Raft requires a quorum (majority) of managers to be reachable for the cluster to function. With 3 managers, you need 2 available. With 5 managers, you need 3 available. This is why odd numbers are recommended—4 managers have the same fault tolerance as 3 (both tolerate 1 failure) but 4 have more overhead.

Communication:

Managers use port 2377 for cluster management traffic, including Raft consensus messages, task scheduling, and cluster state updates. This port must be open between all manager nodes and from workers to managers. It uses mutual TLS automatically, encrypting and authenticating all traffic.

Workers contact managers using heartbeat messages every few seconds, reporting their health, available resources, and running containers. If a worker misses several heartbeats, managers mark it as down and reschedule its workloads.

Port 7946 (both TCP and UDP) handles container network discovery and overlay network management. Containers use this for peer discovery when joining overlay networks. Port 4789 (UDP) carries actual overlay network traffic using VXLAN encapsulation. All application data between containers on overlay networks flows through this port.

Data stored in Raft:

Every service definition is stored in Raft, including the image, replica count, networks, secrets, configs, update strategies, and all other configuration.
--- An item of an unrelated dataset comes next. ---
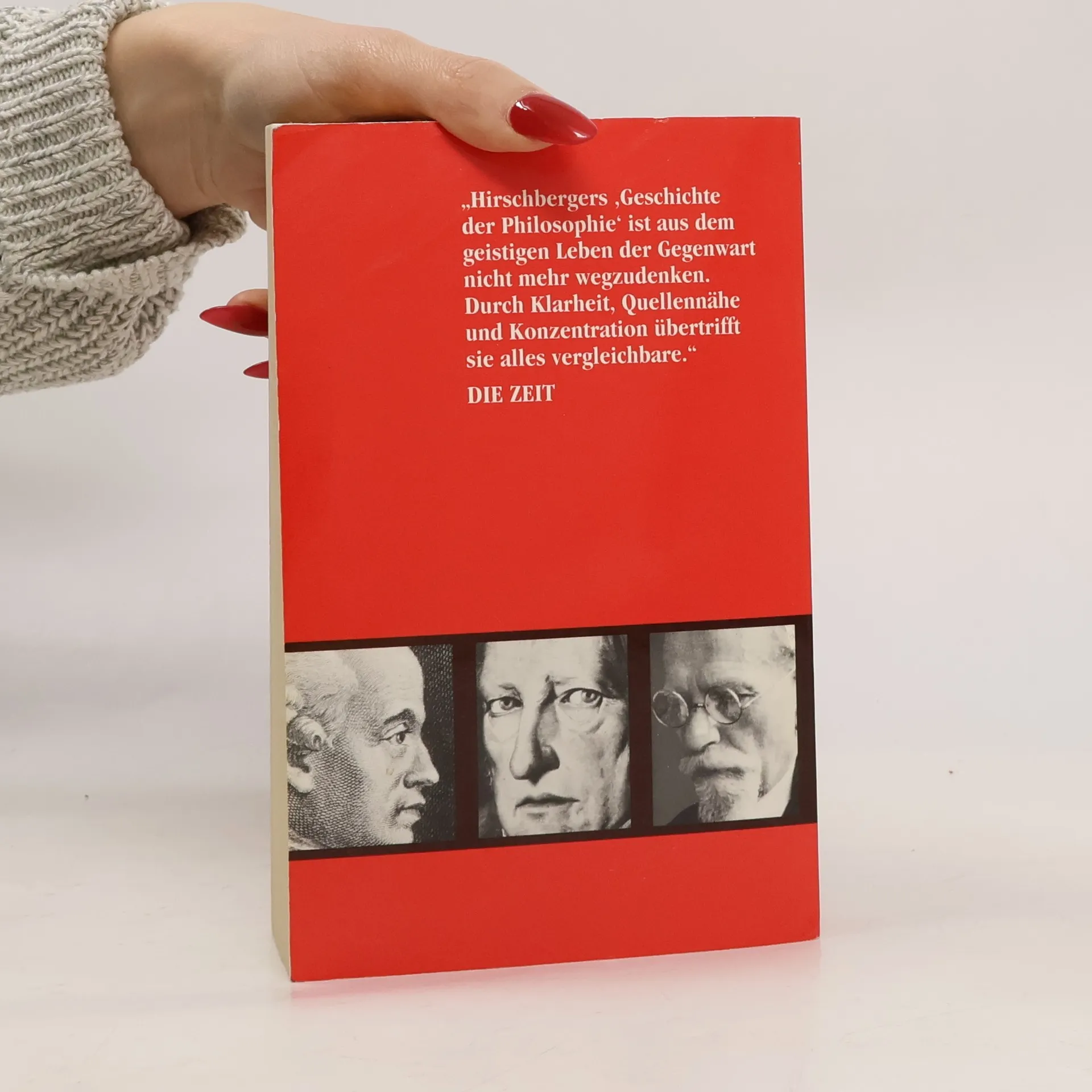 Ein Standardwerk, dass aus dem geistigen Leben nicht mehr wegzudenken ist: "In allen Bibliotheken der Welt stehen seine in zahlreiche Sprachen übersetzten Werke. Unzählige Studenten haben mit ihnen gearbeitet. Die hohen Auflagenzahlen beweisen, dass es sich um Standardwerke handelt. Hirschbergers monumentale..."Geschichte der Philosophie"ist aus dem geistigen Leben nicht mehr wegzudenken. Durch Klarheit, Quellennähe und Konzentration auf das Wesentliche übertrifft sie alles Vergleichbare..."(Die Zeit).

When you run docker service create, the manager writes this to the Raft log, which replicates to all managers. Network configurations store subnet allocations, VXLAN IDs, and which services attach to which networks. Secrets are stored encrypted in the Raft log, with the encryption key derived from the cluster unlock key. Node membership tracks which nodes are in the cluster, their roles, availability, and labels. Task assignments record which containers should run on which nodes.

14. Advanced Service Scheduling (Constraints, Preferences)

Swarm's scheduler decides where to place containers based on resources, constraints, and preferences you specify.

Node Constraints

Constraints are hard requirements that must be met for a container to run on a node. If no nodes match all constraints, the task remains in a pending state until a suitable node becomes available.

deploy:
  placement:
    constraints:
      - "node.labels.storage == ssd"
      - "node.role == worker"

This constraint configuration ensures the service only runs on worker nodes that have been labeled with storage=ssd. The first constraint checks for a custom label you've applied to nodes with SSD storage, while the second ensures the service avoids manager nodes. This is useful for database services or applications that need high-performance storage. If you have 5 nodes but only 2 have SSD storage and are workers, Swarm only places containers on those 2 nodes.

Label a node:

docker node update --label-add storage=ssd worker1

This command adds a custom label to worker1. Labels are arbitrary key-value pairs you assign to categorize nodes. You might label nodes based on hardware (storage=ssd, gpu=nvidia), location (datacenter=east, zone=us-east-1a), or purpose (environment=production, tier=frontend). Once labeled, you can use these labels in placement constraints to control exactly where services run.

Placement Preferences

While constraints are hard requirements, preferences are soft guidelines that influence scheduling decisions without preventing placement.

deploy:
  placement:
    preferences:
      - spread: node.labels.zone

This preference tells Swarm to spread replicas evenly across different availability zones. If you have 6 replicas and nodes in 3 zones, Swarm tries to place 2 replicas in each zone. This provides fault tolerance against zone-level failures. If an entire zone goes offline, you still have replicas in the other zones. Preferences don't prevent scheduling—if one zone is full, Swarm places additional replicas in zones with capacity.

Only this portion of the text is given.